* [REQUIREMENT] For each line in the data below that has the word "Hotel", copy that line.

* [RECORDED DATA]
-*-*-
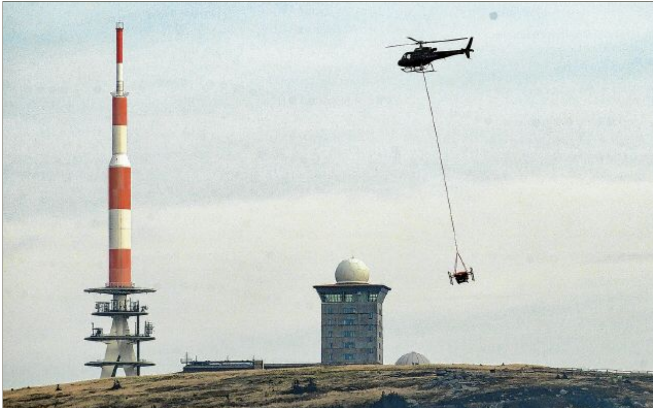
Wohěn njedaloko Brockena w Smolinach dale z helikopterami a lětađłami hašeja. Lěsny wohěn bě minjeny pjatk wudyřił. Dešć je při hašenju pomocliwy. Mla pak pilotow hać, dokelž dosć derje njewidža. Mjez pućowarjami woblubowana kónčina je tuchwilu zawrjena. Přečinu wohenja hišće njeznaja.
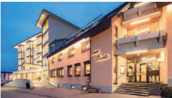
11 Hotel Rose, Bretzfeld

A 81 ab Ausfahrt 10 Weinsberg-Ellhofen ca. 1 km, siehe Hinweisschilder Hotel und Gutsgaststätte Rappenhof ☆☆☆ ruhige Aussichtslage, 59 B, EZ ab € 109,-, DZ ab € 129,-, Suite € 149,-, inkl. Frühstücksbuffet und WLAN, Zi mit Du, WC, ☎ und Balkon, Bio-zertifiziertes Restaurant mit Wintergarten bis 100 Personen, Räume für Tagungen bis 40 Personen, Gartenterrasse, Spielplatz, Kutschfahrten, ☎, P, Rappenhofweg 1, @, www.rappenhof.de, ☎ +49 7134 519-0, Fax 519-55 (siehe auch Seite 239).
-*-*-
* [THE COMPLETED TASK]
11 Hotel Rose, Bretzfeld
A 81 ab Ausfahrt 10 Weinsberg-Ellhofen ca. 1 km, siehe Hinweisschilder Hotel und Gutsgaststätte Rappenhof ☆☆☆ ruhige Aussichtslage, 59 B, EZ ab € 109,-, DZ ab € 129,-, Suite € 149,-, inkl. Frühstücksbuffet und WLAN, Zi mit Du, WC, ☎ und Balkon, Bio-zertifiziertes Restaurant mit Wintergarten bis 100 Personen, Räume für Tagungen bis 40 Personen, Gartenterrasse, Spielplatz, Kutschfahrten, ☎, P, Rappenhofweg 1, @, www.rappenhof.de, ☎ +49 7134 519-0, Fax 519-55 (siehe auch Seite 239).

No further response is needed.